Goal of the exercise: Your copy of the listing should match it exactly, only without pictures.

===

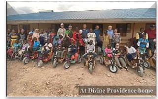
Disabled children who are residents of the Devine Providence Home are recipients of mobility carts.
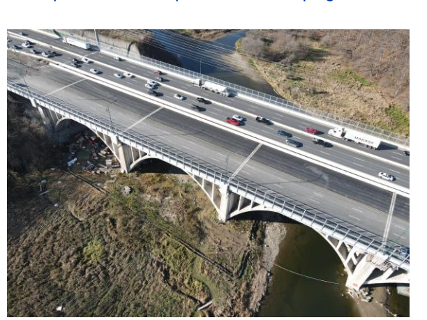
NOVEMBER: Existing Credit River Bridge – Road Surfacing and Rehabilitation completed.
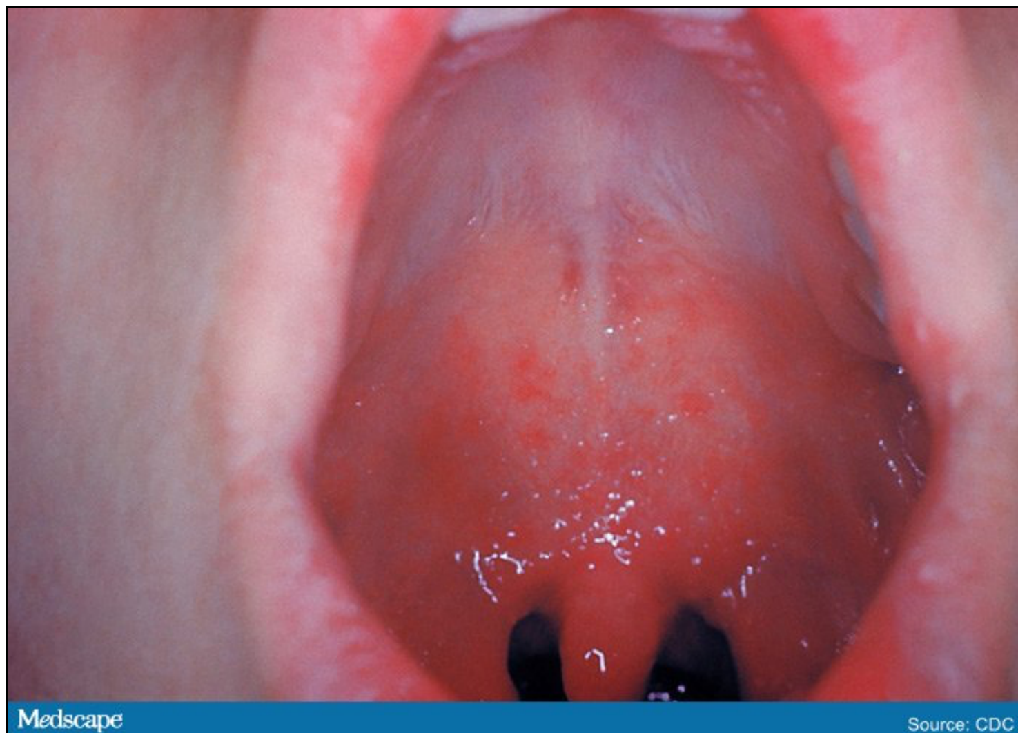
Figure 1. Koplik spots.

After an incubation period of 8-12 days after exposure, the prodromal symptoms begin with fever, cough, coryza, and conjunctivitis (the "three Cs"). [4,5] During this period, Koplik spots—bluish-white lesions on a red base—may appear on the buccal mucosa, most often opposite the molars.
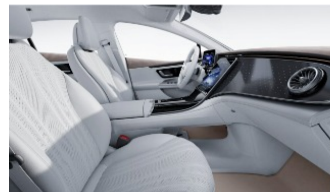
209 - Neva Grey / Sable Brown Leather
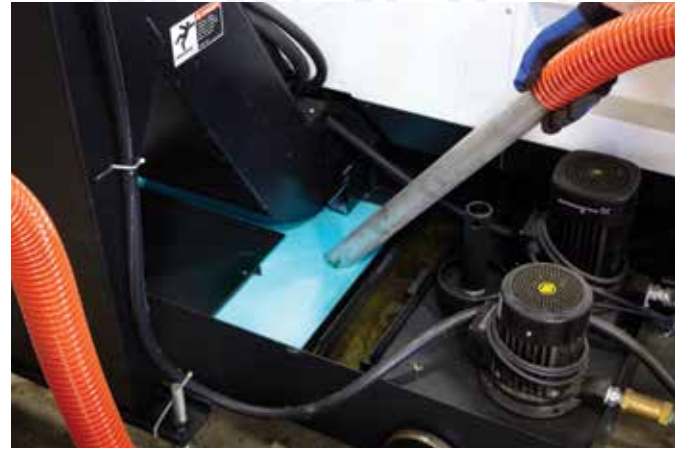
Machine tool coolant, chips and sludge are easily vacuumed out of the sump.
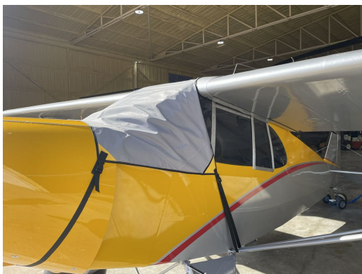
Piper PA-18 Windshield/Skylight Cover

This cover type is made from Silver Acrylic Sunbrella canvas and is 100% lined with a soft and smooth microfiber. Bruce's Custom Covers developed this material combination especially for aircraft protection. The outer material is medium weight and treated for water resistance, UV resistance and anti-static buildup. The inner lining is a very soft and smooth microfiber to prevent scratching. The material is very reflective, and tests show that the cabin interior temperature can be reduced to near-ambient temperature on the hottest of days. It is water, ice and snow repellent, yet breathable to allow moisture to escape from between the cover and the aircraft surface.
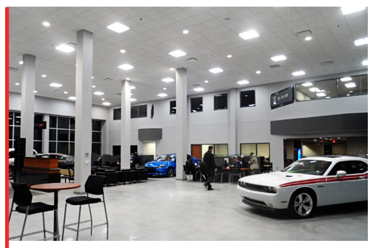
INTERIOR OF NEW SHOWROOM AT NORTH OLMSTED CHRYSLER DODGE JEEP RAM

To date, OTC has redeveloped the existing site and substantially completed construction on the new two-story showroom / service reception building (+/- 18,600 sqft.).
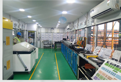
Comprehensive in-house testing facility for assured quality
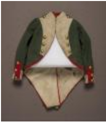
Textile: Napoleon costume jacket belonging to Charles S. Stratton (2017.004.001)
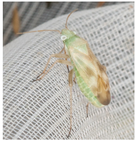
FIGURE 3 . Megalocoleus molliculus (Fallén, 1807).
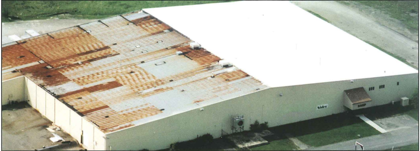
Leaky, rusting metal substrates are converted to seamless, sustainable cool roofs.

With hundreds of millions of square feet applied since 1986, ISO 9001 Registration, multiple accreditations, and the highest quality materials... ASTEC is the right choice.
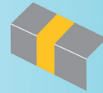
No loading at times indicated on plate
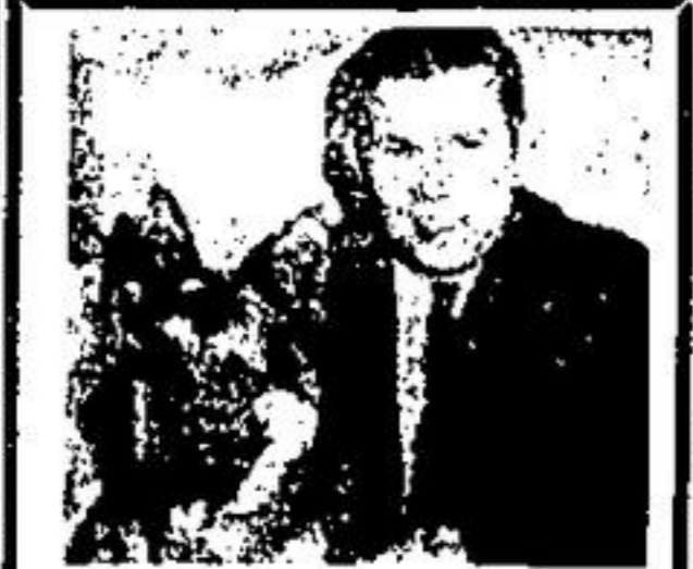
Protection Anyone? JOHN R. LEWIS INSURANCE Tel.: 459-9052
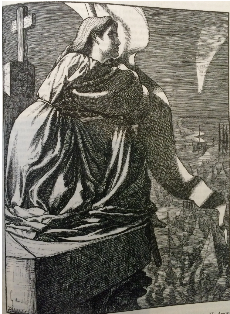
Fig. 4. 'A Time to Dance', 1861, George du Maurier.
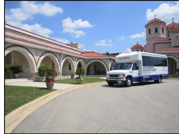
Residents and staff spent a wonderful afternoon at the Monastery
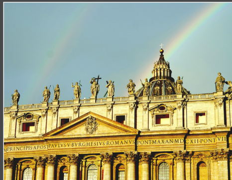
Double rainbow over Saint Peter's Basilica at the Papal General Audience
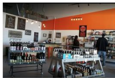
Crafted Bottle Shop Mokena
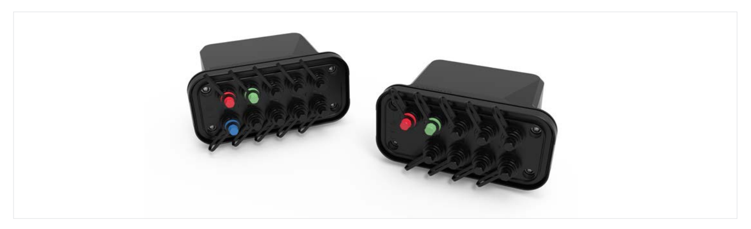
BPEO CT Multiport 9- and 10-port Terminals

The BPEO CT Multiport 9-port terminal has one standard 1x8 splitter to support customer connections, designed to be used as the last terminal of the chain.
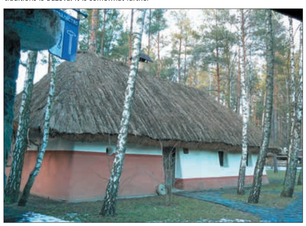
Khata with slanting walls and a thatched roof, depicted on the facility logo.

The ethnic restaurant and hotel houses are just a part of a large ethnographic facility called Ukrainian village that
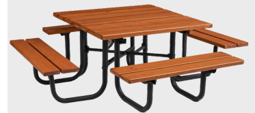
Square Table Available in 4' 8 legs
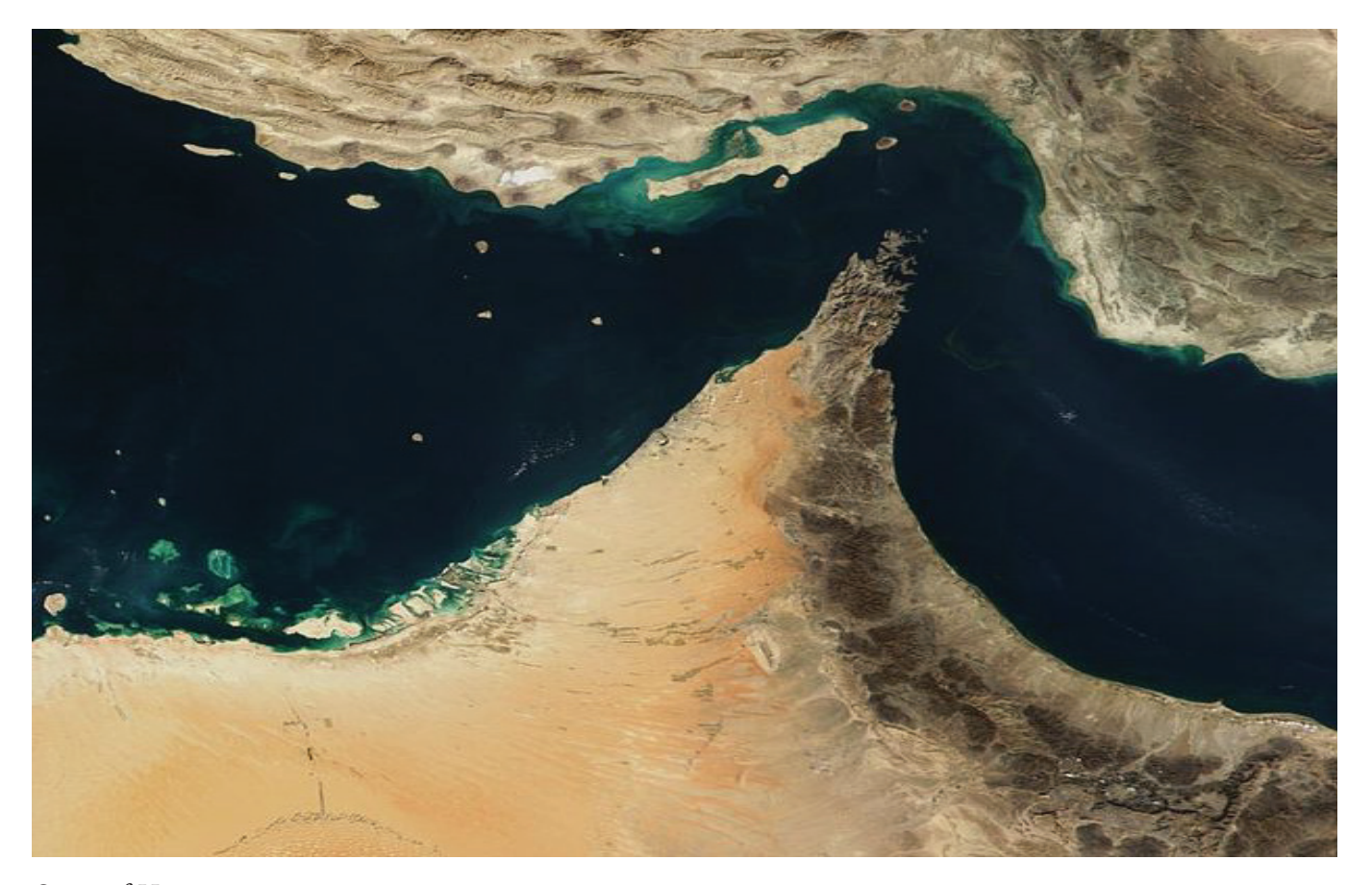
Strait of Hormuz

Resources: CIA World Factbook, US Department of State, PBS, IISS Military Balance 2011, World Bank
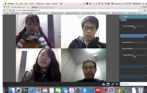
Figure 3 Group chat interface

The next person will take turn to talk by repeatedly clicking the Recording Button. Therefore, the communication style with using BiTak is in a half-duplex manner similar to that of a transceiver. The users can download all the recording videos for further reference.
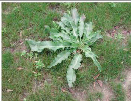
Curly Dock Rumex crispus Fall
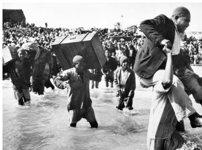
Palestinian refugees flee their homes onto boats during the Nakba

Following the Second World War, the Nazi Holocaust, and the resulting immigration of many thousands of European Jewish refugees into Palestine, the Zionist movement experienced a huge growth in support and confidence. Building on their attacks on British forces stationed in Palestine during and after the war, and following the UN's undemocratic vote to partition historic Palestine against the wishes of the indigenous people, from 1947 Zionist paramilitary groups began the process of a calculated ethnic cleansing of Arab Palestinians.
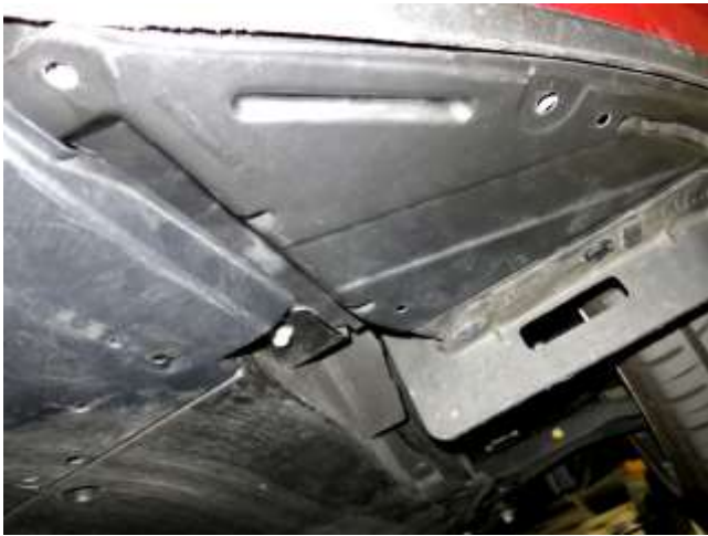
l. Reinstall the lower plastic covers and secure with previously removed hardware. Check final clearance and tighten the hose clamp on the hump hose.

===

Answer box:
Disabled children who are residents of the Devine Providence Home are recipients of mobility carts.
NOVEMBER: Existing Credit River Bridge – Road Surfacing and Rehabilitation completed.
Figure 1. Koplik spots.

After an incubation period of 8-12 days after exposure, the prodromal symptoms begin with fever, cough, coryza, and conjunctivitis (the "three Cs"). [4,5] During this period, Koplik spots—bluish-white lesions on a red base—may appear on the buccal mucosa, most often opposite the molars.
209 - Neva Grey / Sable Brown Leather
Machine tool coolant, chips and sludge are easily vacuumed out of the sump.
Piper PA-18 Windshield/Skylight Cover

This cover type is made from Silver Acrylic Sunbrella canvas and is 100% lined with a soft and smooth microfiber. Bruce's Custom Covers developed this material combination especially for aircraft protection. The outer material is medium weight and treated for water resistance, UV resistance and anti-static buildup. The inner lining is a very soft and smooth microfiber to prevent scratching. The material is very reflective, and tests show that the cabin interior temperature can be reduced to near-ambient temperature on the hottest of days. It is water, ice and snow repellent, yet breathable to allow moisture to escape from between the cover and the aircraft surface.
INTERIOR OF NEW SHOWROOM AT NORTH OLMSTED CHRYSLER DODGE JEEP RAM

To date, OTC has redeveloped the existing site and substantially completed construction on the new two-story showroom / service reception building (+/- 18,600 sqft.).
Comprehensive in-house testing facility for assured quality
Textile: Napoleon costume jacket belonging to Charles S. Stratton (2017.004.001)
FIGURE 3 . Megalocoleus molliculus (Fallén, 1807).
Leaky, rusting metal substrates are converted to seamless, sustainable cool roofs.

With hundreds of millions of square feet applied since 1986, ISO 9001 Registration, multiple accreditations, and the highest quality materials... ASTEC is the right choice.
No loading at times indicated on plate
Protection Anyone? JOHN R. LEWIS INSURANCE Tel.: 459-9052
Fig. 4. 'A Time to Dance', 1861, George du Maurier.
Residents and staff spent a wonderful afternoon at the Monastery
Double rainbow over Saint Peter's Basilica at the Papal General Audience
Crafted Bottle Shop Mokena
BPEO CT Multiport 9- and 10-port Terminals

The BPEO CT Multiport 9-port terminal has one standard 1x8 splitter to support customer connections, designed to be used as the last terminal of the chain.
Khata with slanting walls and a thatched roof, depicted on the facility logo.

The ethnic restaurant and hotel houses are just a part of a large ethnographic facility called Ukrainian village that
Square Table Available in 4' 8 legs
Strait of Hormuz

Resources: CIA World Factbook, US Department of State, PBS, IISS Military Balance 2011, World Bank
Figure 3 Group chat interface

The next person will take turn to talk by repeatedly clicking the Recording Button. Therefore, the communication style with using BiTak is in a half-duplex manner similar to that of a transceiver. The users can download all the recording videos for further reference.
Curly Dock Rumex crispus Fall
Palestinian refugees flee their homes onto boats during the Nakba

Following the Second World War, the Nazi Holocaust, and the resulting immigration of many thousands of European Jewish refugees into Palestine, the Zionist movement experienced a huge growth in support and confidence. Building on their attacks on British forces stationed in Palestine during and after the war, and following the UN's undemocratic vote to partition historic Palestine against the wishes of the indigenous people, from 1947 Zionist paramilitary groups began the process of a calculated ethnic cleansing of Arab Palestinians.
l. Reinstall the lower plastic covers and secure with previously removed hardware. Check final clearance and tighten the hose clamp on the hump hose.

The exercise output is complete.